Best Bridge

Best Bridge

A grid contains exactly two islands of land (L) separated by water (W). Return the minimum number of water cells you must turn into land to connect the two islands (the length of the shortest bridge).

bestBridge(grid)

Input format: rows separated by |.

Examples

LWL              // → 1
LWWL             // → 2
LL|WW|LL         // → 1

Walkthrough

Breaking a hard problem into two familiar pieces

This looks intimidating, but it decomposes into two techniques you've already built: flood-filling an island, and BFS for shortest distance across water. The trick is combining them, adapting the BFS to start from many cells at once.

Step one: find and collect one whole island

Scan the grid until you find any land cell — either island works, since both are symmetric. Flood-fill outward exactly as in island counting, but this time collect every cell into a list instead of just marking and discarding. That list is the entirety of "island one," and every cell in it is a valid starting point for reaching island two.

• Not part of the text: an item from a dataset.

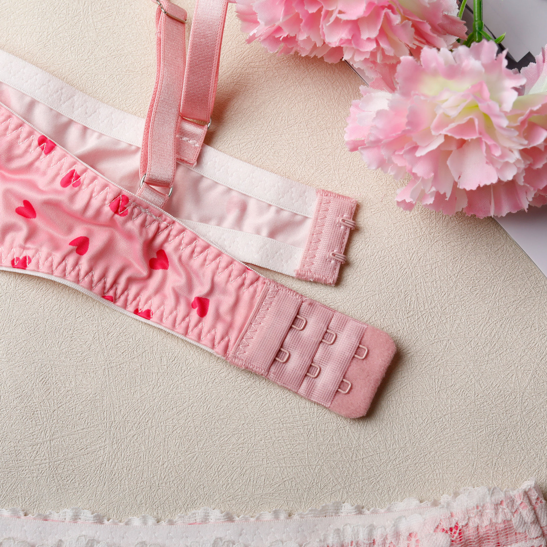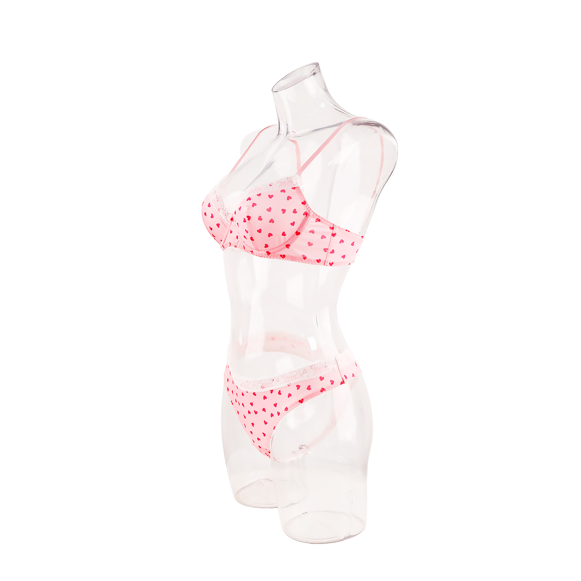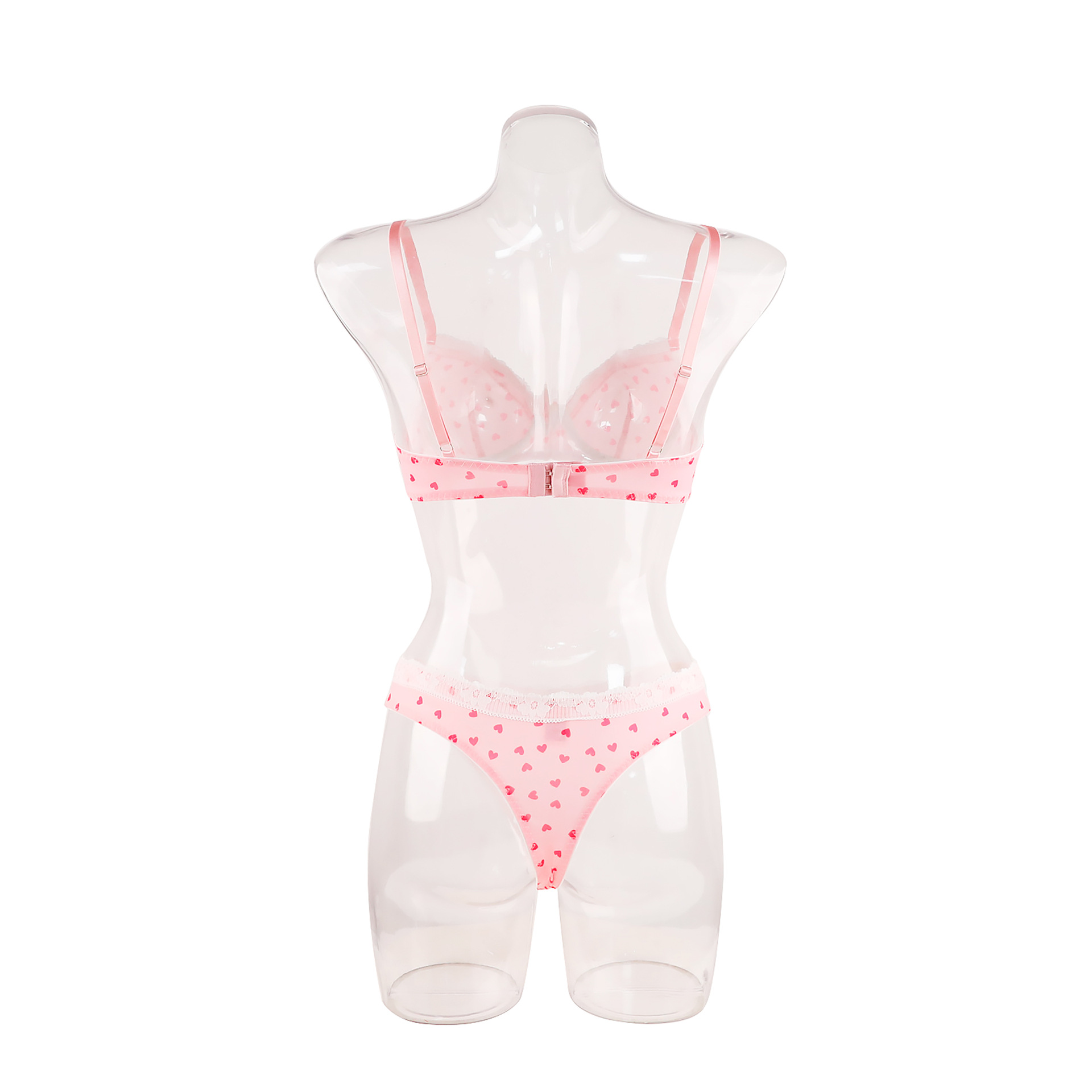 Lace Trim Bra And Underwear Set With A Heartprint For A Push-Up Effect

Step two: reframe the bridge question as a shortest-path question

Once you have island one's cells, the question becomes: starting simultaneously from every cell of island one, what's the fewest water-cell steps to reach the other island? Still an unweighted shortest-path question, so BFS is still right — the twist is seeding the queue with the entire first island at distance 0 at once. This is multi-source BFS: since all of island one starts at distance 0, the search measures distance purely in water crossed, not land already owned.

Why multi-source BFS still guarantees the shortest bridge

BFS's ring-by-ring expansion holds regardless of how many starting points you seed — it still explores all cells at true distance 1 from any source before distance 2, and so on. So the first time the frontier reaches a land cell not part of the original island (necessarily the second island), the water steps taken is the shortest possible bridge.

Why you mark the whole first island visited before starting the BFS

Since every cell of island one is already "free" (distance 0), mark them all visited before the BFS begins, so the search doesn't waste time on movement within the first island or re-add its cells to the queue.